-- Opening Marker --

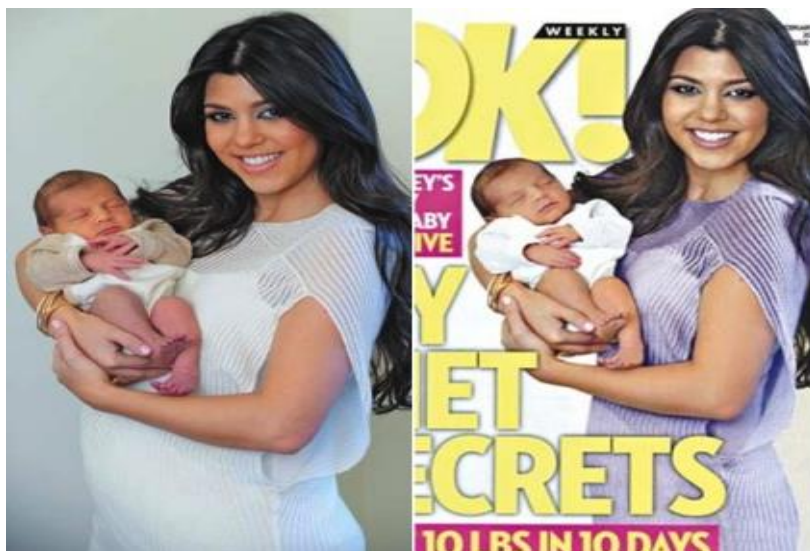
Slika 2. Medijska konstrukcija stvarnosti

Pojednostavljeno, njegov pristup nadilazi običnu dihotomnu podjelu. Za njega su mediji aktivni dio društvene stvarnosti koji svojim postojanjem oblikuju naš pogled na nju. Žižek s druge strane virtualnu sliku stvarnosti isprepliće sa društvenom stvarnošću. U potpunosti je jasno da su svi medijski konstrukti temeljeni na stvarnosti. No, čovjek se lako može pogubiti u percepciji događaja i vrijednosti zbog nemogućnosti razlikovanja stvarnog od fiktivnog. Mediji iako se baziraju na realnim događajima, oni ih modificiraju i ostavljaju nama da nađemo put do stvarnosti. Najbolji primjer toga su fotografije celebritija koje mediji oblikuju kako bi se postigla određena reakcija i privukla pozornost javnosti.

-- Closing Marker --
-- Opening Marker --

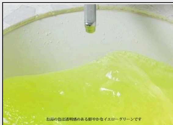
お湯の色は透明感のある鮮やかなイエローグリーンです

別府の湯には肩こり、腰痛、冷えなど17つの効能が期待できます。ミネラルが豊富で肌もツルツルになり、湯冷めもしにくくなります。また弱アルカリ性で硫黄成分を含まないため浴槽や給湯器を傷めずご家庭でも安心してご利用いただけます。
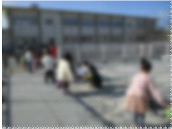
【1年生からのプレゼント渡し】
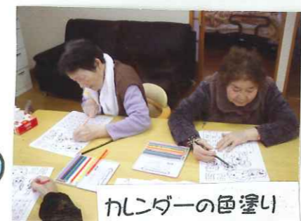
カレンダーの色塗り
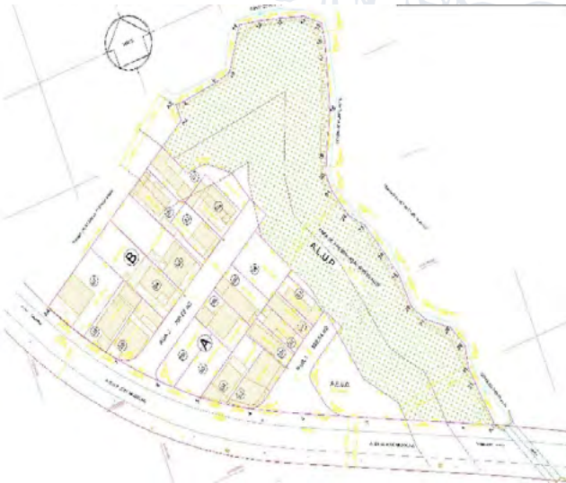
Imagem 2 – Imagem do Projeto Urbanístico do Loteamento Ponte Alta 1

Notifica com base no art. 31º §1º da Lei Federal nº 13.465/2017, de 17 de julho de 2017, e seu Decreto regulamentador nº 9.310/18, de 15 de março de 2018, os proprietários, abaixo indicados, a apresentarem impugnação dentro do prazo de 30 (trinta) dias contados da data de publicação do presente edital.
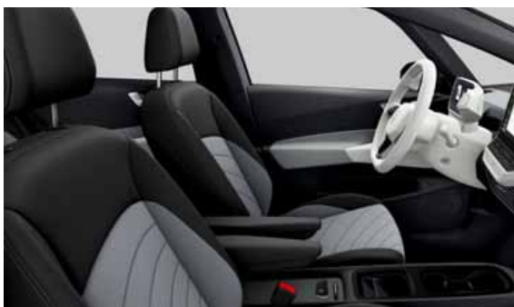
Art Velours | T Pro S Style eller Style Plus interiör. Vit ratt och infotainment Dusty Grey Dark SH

-- Closing Marker --

Your instructions —
Output exactly the stretch of the listing that begins at the line containing "Notifica com base" and ends at the line containing "Art Velours |", both kept. Omit pictures and everything else.

Your response —
Notifica com base no art. 31º §1º da Lei Federal nº 13.465/2017, de 17 de julho de 2017, e seu Decreto regulamentador nº 9.310/18, de 15 de março de 2018, os proprietários, abaixo indicados, a apresentarem impugnação dentro do prazo de 30 (trinta) dias contados da data de publicação do presente edital.
Art Velours | T Pro S Style eller Style Plus interiör. Vit ratt och infotainment Dusty Grey Dark SH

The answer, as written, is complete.